さくら、さくら…

春先おひさまが機嫌よく顔を出し始めると、頭に浮かぶのはやっぱり桜、さくら、サクラ。

日本の春の話題は何をおいても桜。でも、国を離れていても日本人の間では春の会話はやっぱり桜だ。3月帰国などど口にしようものなら、「いいなぁ、お花見!」200%の確率でこういう返事がかえってくる。どこかで桜が見られるという話題は、たとえ初めて会った日本人同士でもかなり盛り上がる話題。

日本人同士というのは意外と人見知りというか、海外で同郷の人を見かけても気軽には近づかない。これは親しい長期在住者のなかでは皆同意見だ。それなのに桜の話しになると例外だ。心のバリアが外れるのだろうか。

2019年4月 花曇りの日

桜の花見は時期が多少ずれるだけで日本中で経験できる国民的行事。何しろ日本国内津々浦々、ソメイヨシノだけではなくそれぞれの土地の気候に合ったさまざまな桜がみられるのだから、これは世界的にもなかなか珍しいことかもしれない。

そしてその楽しみ方も、一人でも大勢でも、子どもも大人も性別に関わらず、お財布の中身にあった予算で(あるいは何もなくても)、とにかく桜に近づくだけで、春の柔らかな空気とほのかな甘い香りに包まれることが出来る。そして不思議な高揚感を味わえるのだ。

今のお花見スタイルが確立したのは江戸時代といわれている。錦絵、特に風景画と美人画で多くのお花見風景が描かれている。当時、貴賤問わず老若男女が楽しめる娯楽の場として、幕府主導の植樹が江戸の各地で行われた。それが全国に広がり、今や海を超えてアメリカは首都ワシントンのポトマック河畔や、さまざまな州にもたらされている。

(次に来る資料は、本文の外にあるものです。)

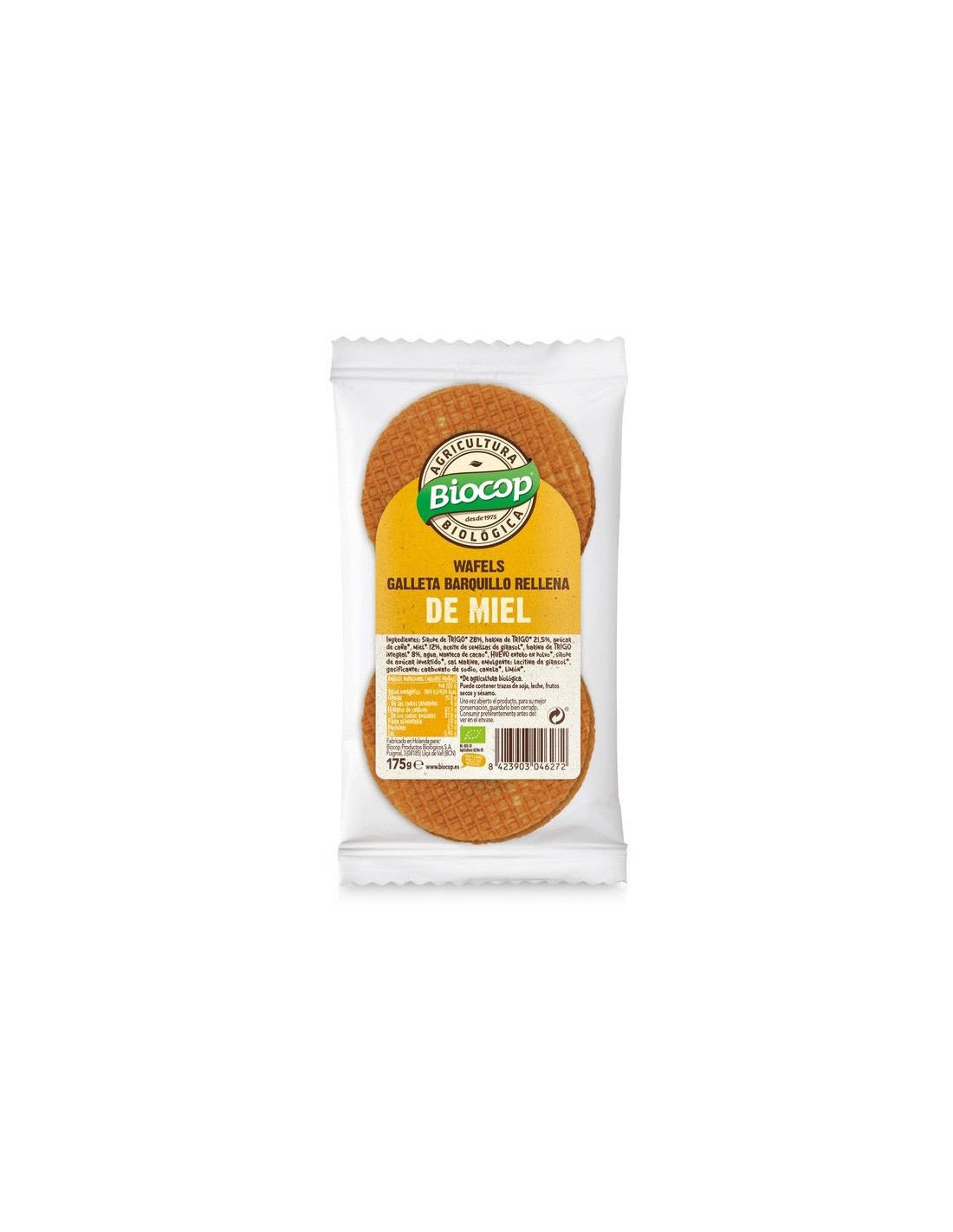 Las wafels de miel de Biocop son galletas crujientes que están elaboradas con harina de trigo integral y miel, y endulzadas con siropes de maíz y trigo. Todos sus ingredientes son procedentes de cultivos ecológicos, de modo que no han sido tratados con pesticidas ni otros químicos dañinos para el ser humano. Se trata de un desayuno o merienda nutritivo e ideal para personas de cualquier edad, aunque por su elevado valor energético son especialmente apropiadas para los niños.

春になると日本人はどこにいても桜を探す。つぼみから開花、風に吹かれ、雨に打たれ、散り始めても散って水面を漂っていても…どんな瞬間も美しい。他国の人たちも一度桜を見るとまた見たくなるらしい。

桜の開花を待つ甘やかな心のざわめき…

少し魔性めいているかも…桜の花には人を引きつける特別な魅力がある。